A HISTÓRIA: Neo é um criador de jogos na Califórnia. O seu passado parece enterrado, exceto por alguns pesadelos repetitivos.

"Matrix Resurrections": nos cinemas a partir de 22 de dezembro.


Crítica: Hugo Gomes

No meio de uma reunião “brainstorm” para determinar os novos trilhos do legado “Matrix”, alguém retoricamente pergunta: “Que palavra hoje define ‘Matrix’?” A resposta surge como contraditório, visto não serem uma, mas duas palavras: “bullet time”.

“Matrix Resurrections", o novo acordar de uma saga milionária do estúdio Warner Bros., é um mero e progressista brinquedo visual sobre uma referência estética que redefiniu uma linha de montagem cinematográfica nas vésperas do século XXI. Portanto, se o vamos ver como uma continuação dos portentos técnicos ou desafiadores do cinema de ação, então esta sequela ou "reboot" órfã com Keanu Reeves e Carrie-Anne Moss como Neo e Trinity de uma das suas realizadoras (fica Lana, vai-se Lily Wachowski) é uma tremenda desilusão.

Mas "Matrix Resurrections" brinca com a relevância cultural e até mesmo teológica que contaminou o mundo atual com o primeiro filme de 1999, um caso de sucesso que bebeu das mais diferentes fontes e mesclou uma originalidade 'frankensteiniana'. E funciona, pelo menos até ao seu segundo ato, como um exercício metalinguístico deste fenómeno, um ensaio de auto-reflexão daquilo que o Matrix representa e continua a representar numa sociedade moderna (tendo mesmo encontrado alguns pontos comuns com a atual pandemia).

Porém, o frenesim acaba por se dissipar, revelando o calcanhar de Aquiles de muito cinema "pós-Matrix": a dependência do sentimentalismo como Deus Ex Machina.

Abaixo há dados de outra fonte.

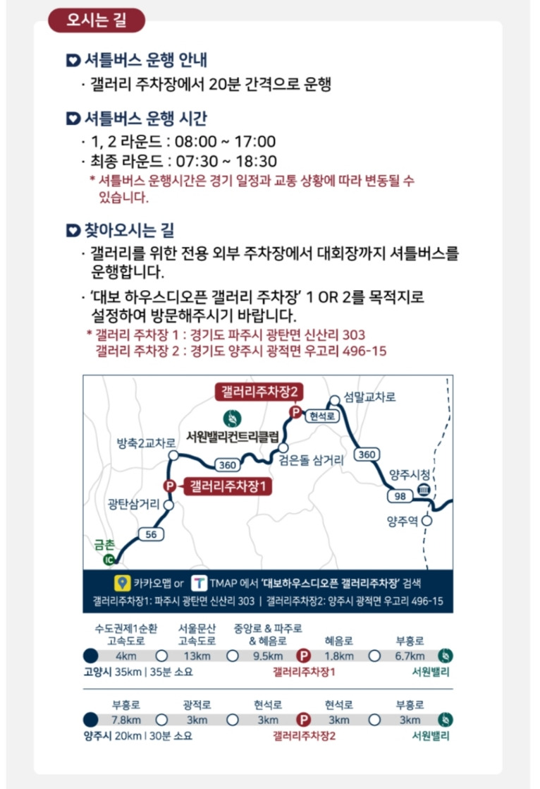 2024 대보 하우스디 오픈 기간 동안에는 서원밸리 CC 내 주차가 불가 합니다.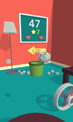 纸垃圾游戏是一款非常适合休闲打发时间的游戏,游戏整体画风还是非常简单的,一个室内的墙角,一个垃圾桶,一个台灯,一把椅子,玩家要做的就是讲揉成一团的垃圾纸丢进垃圾桶,丢进去次数越高分数越高,有一定的挑战性哦!喜欢纸垃圾这类游戏的朋友可以来下载使用!

Ainda que "Matrix Resurrections" brinque com essa dualidade como um advogado do Diabo, cometendo as mesmas tropeções e, de seguida, troçando desses passos, este efeito Lazarus com Neo e Trinity nada acrescenta à mitologia e até mesmo ao nosso cinema atual.

O 'cyberpunk' minado de dicotomias entre luz e escuridão, bem e mal, prisão e liberdade, conformismo e risco, carne e máquina, foi um filme fora do seu tempo em 1999, agora substituído por uma colorida, artificial (se bem que este adjetivo soa irónico numa saga que sempre aprimorou o seu lado digitalizado) e esgotada estrutura sem novas ideias e cúmplice da associação primária ao "bullet time". "Matrix Resurrections" é uma reencarnação desengonçada e abstração redutora do que realmente é (era) "Matrix".